We designed different versions of prompts for the same task. Then, all of them are shown within this notebook.
Such variants are briefly described below:
- *v1.0*, the model is asked to generate the whole questionnaire in a single shot, directly in the JSON format.
- *v1.1*, the model is asked to generate the whole questionnaire in a single shot, but it's asked to explain firstly the content of it (kinda reasoning) and then format it as a JSON. Moreover, the Chain-of-Thought is integrated to let the model "think" better about the structure of the questionnaire.
- *v2.0*, the generation task is split into two parts: firstly, the model is aked to generate the questionnaire without any format constraint, then (in another call), the model is asked to simply convert it into a JSON.
- *v2.1*, the conversation follows the previous verion's flow, but it integrates the Chain-of-Thought technique to let the model think deeply about the content of the questionnaire.

In [1]:
import os
import sys
sys.path.append('\\'.join(os.getcwd().split('\\')[:-1])+'\\src')

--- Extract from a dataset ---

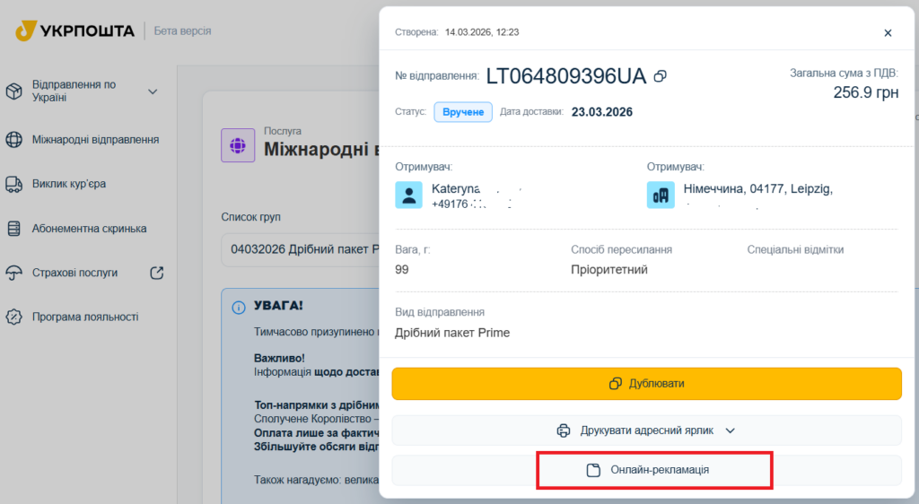 Нагадуємо, що Відправник має право подати рекламацію щодо міжнародного відправлення за однією з причин:
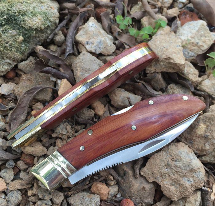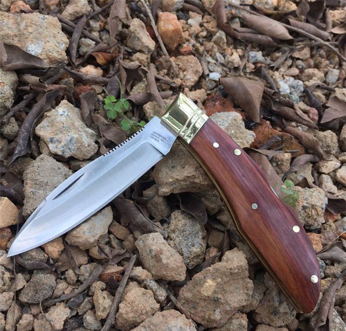 加拿大格罗曼品牌代工产品,品质一流,传统手作工艺,刀柄采用南美花梨(俗称巴花),铜内衬,搭配白铜头,精工抛磨;传统背锁小刀,铆合非常到位,做到严丝合缝,开合顺畅,手感一流,是不可多得的精品小刀,非常适合收藏和把玩!

from src.data.TFQuestionnairesDataset import TFQuestionnairesDataset
from src.prompts.PredictionSystemPrompt import PredictionSystemPrompt
from src.prompts.PredictionUserPrompt import PredictionUserPrompt
from src.prompts.PredictionAssistantPrompt import PredictionAssistantPrompt

from pprint import pprint

## **Survey questionnaire generation**

The first step of this thesis work is the questionnaire generaion. The designed prompts are reported below.

In [2]:
# ----------------
# Load data
# ----------------
dataset = TFQuestionnairesDataset()
dataset.load_data(project_root=os.path.abspath(os.path.join(os.getcwd(), os.pardir)))

samples = dataset.get_sample_questionnaire_data()
questionnaire_id = samples.questionnaires["ID"]

question_types = samples.get_question_types()

### *System prompt*

#### v1.0

The **system** prompt has two variants according to the given specifications:
1. with all parameters: topic, number and type of questions to be generated
2. with only the questionnaire topic

Both of them are structured as follows:
1. **Role definition**, used to define the role the LLM has to impersonate.
2. **Input definition**, which define the information that the user can specify.
3. **Task definition**, which is used to instruct the LLM on the task it has to perform.
4. **Output definition**, it constrates the LLM to use the specified format while generating its response.
5. **Question types**, used to define the admissible question types.
6. **Style command**, used to stimulate the model to be more syntactically variable.

In [3]:
system = PredictionSystemPrompt(project_root=os.path.abspath(os.path.join(os.getcwd(), os.pardir)))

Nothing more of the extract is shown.